Furthermore, merely seeing his examination or comparing it with others would not allow plaintiff to expose errors or discern his abilities. These procedural rights would be virtually meaningless unless plaintiff also was able to confront the bar examiners and obtain from them explanations of their grades.*fn13 Several hundred applicants fail the Illinois Bar Examination annually. Requiring an explanation for each of these applicants would place an intolerable burden upon the bar examiners. It also would place at an unfair disadvantage those applicants who were taking the exam for the first time.

As plaintiff notes, several state courts have determined, either by rule or decision, that a failing applicant should be afforded the procedures which he seeks. See, e.g., Application of Peterson, 459 P.2d 703 (Alaska 1969). These determination, however, were made in the exercise of the courts' supervisory powers. It is axiomatic that the Fourteenth Amendment does not necessarily require those same procedural safeguards which a legislature or court may consider desirable as a matter of policy.

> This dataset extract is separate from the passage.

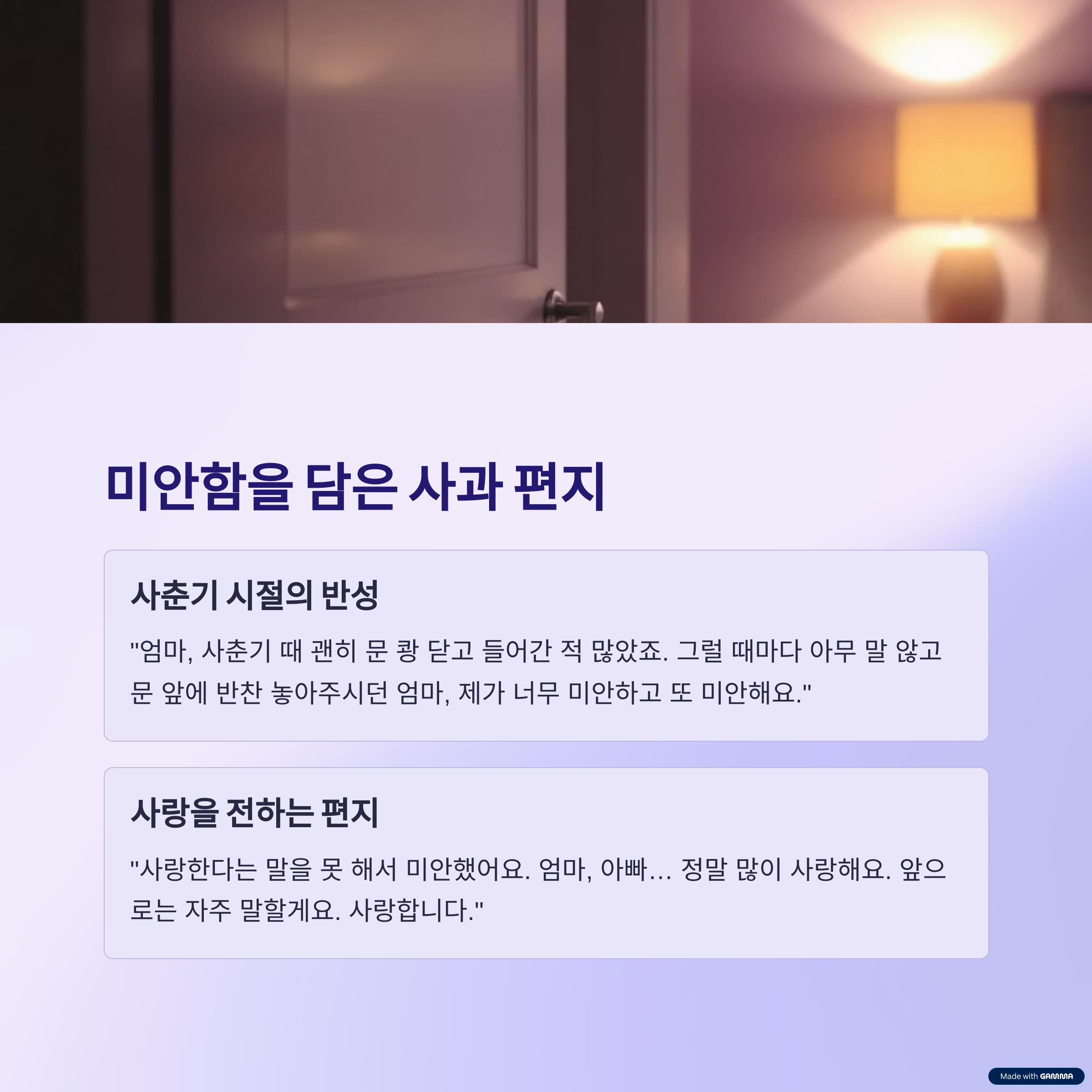 | 미안함 고백형 | 사춘기, 상처 준 행동에 대한 반성 | 사과, 후회, 미안함 |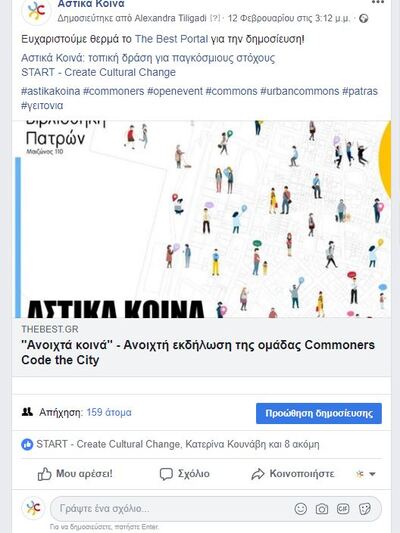 *To πρόγραμμα "Αστικά Κοινά" από την ομάδα Commoners code the city είναι ένα αστικό παιχνίδι συμμετοχικού σχεδιασμού που θα πραγματοποιηθεί στην Πάτρα βασισμένο στην πεποίθηση πως πρέπει να δώσουμε λόγο στους ανθρώπους για την αστική ανάπτυξη του περιβάλλοντος που ζούνε. Μέσα από την αφήγηση ιστοριών για τη γειτονιά, τη μεθοδολογία του συμμετοχικού σχεδιασμού, και φυσικά το παιχνίδι θα σχηματιστεί από τους πολίτες ο άυλος και υλικός τόπος, θα ξανά γίνουν πάλι γείτονες που γνωρίζονται και μοιράζονται κάτι κοινό, τη γειτονιά.

Plaintiff has raised two other contentions. The first, which apparently was never considered by the district court, is that defendants violated Article I, ยง 12 of the Illinois Constitution.*fn14 As plaintiff recognizes, this purely state claim is pendent to his federal claims. Since we have concluded that the district court properly dismissed all of these claims, it was within the court's discretion to refuse consideration of the state claim. See United Mine Workers v. Gibbs, 383 U.S. 715, 16 L. Ed. 2d 218, 86 S. Ct. 1130.*fn15

Second, plaintiff contends that the district court should have entered a default judgment against defendants because their pleading in response to his complaint was filed three days late. In Duling v. Markun, 231 F.2d 833, 836 (7th Cir. 1956), cert. denied, 352 U.S. 870, 1 L. Ed. 2d 76, 77 S. Ct. 96, this court stated that, whether a default judgment should be entered, is "a matter resting in the sound discretion of the trial judge." We find no abuse of that discretion.